For over a century since the first recorded refracting telescope with a singlet lens was invented, the only significant advancement to it was that by Johannes Kepler, who just a few years later, in 1611, explained its working principles, and proposed significantly better configuration, replacing the negative eye lens of the Galilean refractor with a positive one. In order to minimize chromatism of a single-lens objective, refractors of this type grew in length well beyond practical limits, but their aperture remained quite limited: the 57mm 11-foot lens with which Christian Huygens discovered Titan in 1655 was comparable to a 100mm f/3.5 achromat chromatism-wise. His largest, 8-inch 210-foot lens had chromatism comparable to that in today's 100 f/6 standard achromat (these are two different forms of longitudinal chromatism, primary vs. secondary spectrum, respectively, but the comparison is possible via polychromatic Strehl). Similar instruments used by Cassini, Hevelius, and others have the same limitations, and were very difficult to use.

The idea that two lenses of different glass types can help break through severe limitations imposed by chromatism came from Chester Moor Hall in the 1730s. He may had a few small refrators made for him according to his invention, but it is unclear how achromatic they actually were. It wasn't until John Dollond had it patented in 1758, that doublet achromat came to life (commonly referred to as "Dollond", but the ~1800. replica of his 50mm refractor has engraved "Dolland, London"). Dollond may had heard of Hall's invention before patenting his doublet. Prior to its pattent application, Dollond did read a paper by Swedish astronomer and mathematician Samuel Klingerstierna, describing theoretical principles of doublet achromatism (he also had correspondence with Euler, who was experimenting with achromatism). Since then, a number of doublet types have been developed, with various levels of correction of chromatism and monochromatic aberrations.

Details of the secondary spectrum and field curvature of a doublet are given elsewhere. Doublet's monochromatic aberrations are a sum of the aberrations of each lens. They are commonly expressed in terms of lens shape factor q and position factor p. Since the two lens elements of a doublet can be considered a thin lens (i.e. one whose thickness is negligible with respect to object  and image distance), at least in first approximation, aberration coefficients for primary spherical aberration and coma for either doublet lens are given by Eq. 8 and Eq. 14.1, respectively; once the coefficients are known, the corresponding wavefront error is found from Eq. 7 and Eq. 12, in the same order.

The same principle applies to the triplet objective.

Graph below (FIG. 142) illustrates the relation between these two aberrations, lens shape and object distance, for the lens' refractive index n=1.5 (common variations in the index value do not affect form of the graph, which remains parabolic, only cause relatively small changes in its vertical position).

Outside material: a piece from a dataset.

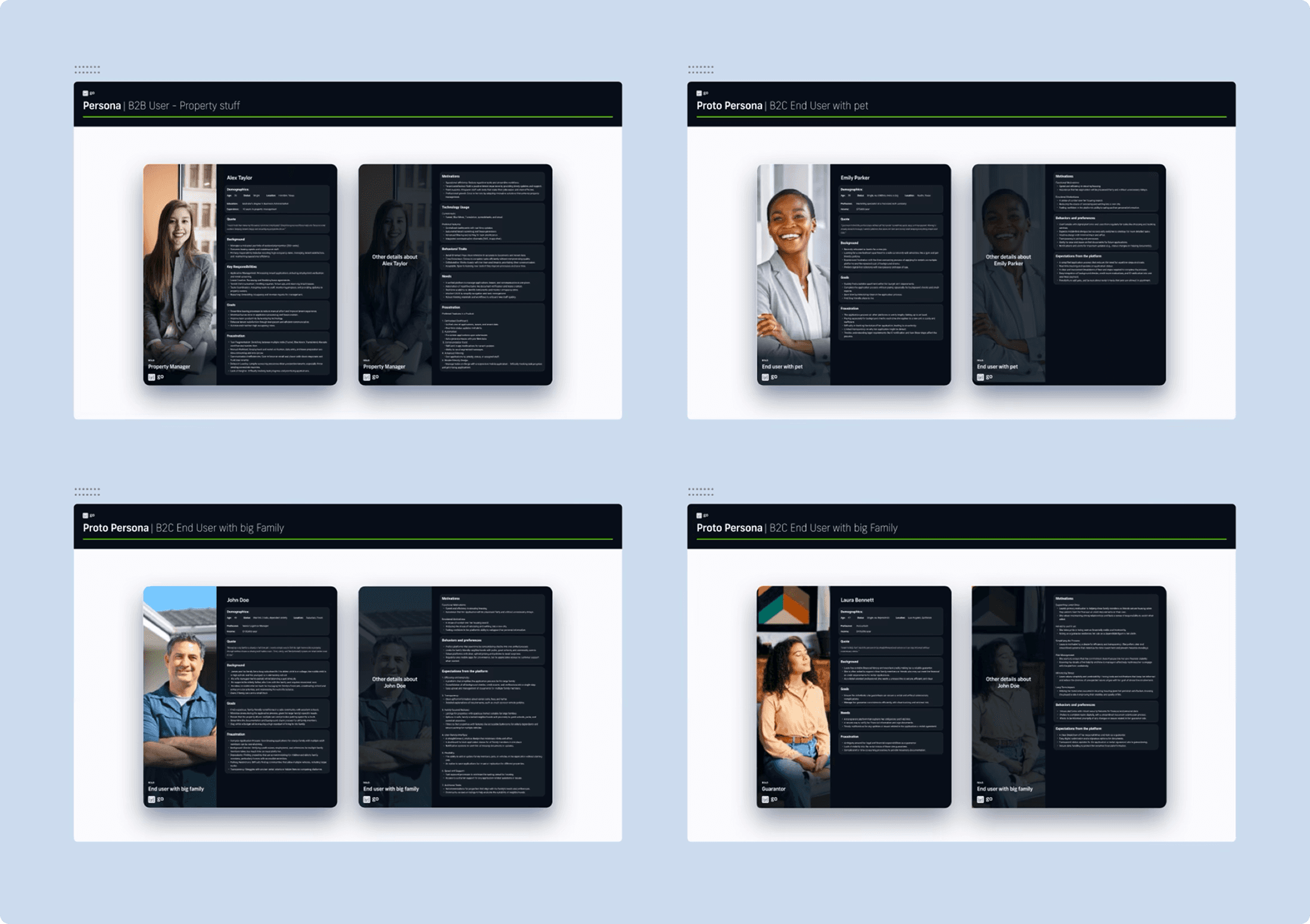 The project started as a basic mobile portal for B2C applicants. Through ongoing collaboration with stakeholders, it evolved into a full-scale enterprise platform serving both sides of the rental market. The team: 30 people, frontend engineers, QA, BAs, a PM, a tech lead, I was the only designer, working across three surfaces from MVP through post-MVP. Constraints included U.S. legal compliance requirements, budget limitations on custom integrations, and the complexity of serving two completely different user types within one product.

Minimum spherical aberration for any given lens shape q varies with the position factor p (relative object distance); for n=1.5, spherical aberration is at the minimum when qmin=-(5/7)p, with the corresponding aberration coefficient s=[9-(3p2/7)]/32f3 dropping to zero for |p|=21. Thin lens is coma free when q=-0.8p, which means that a coma-free thin lens corrected for infinity (p=-1) will also have near minimum spherical aberration.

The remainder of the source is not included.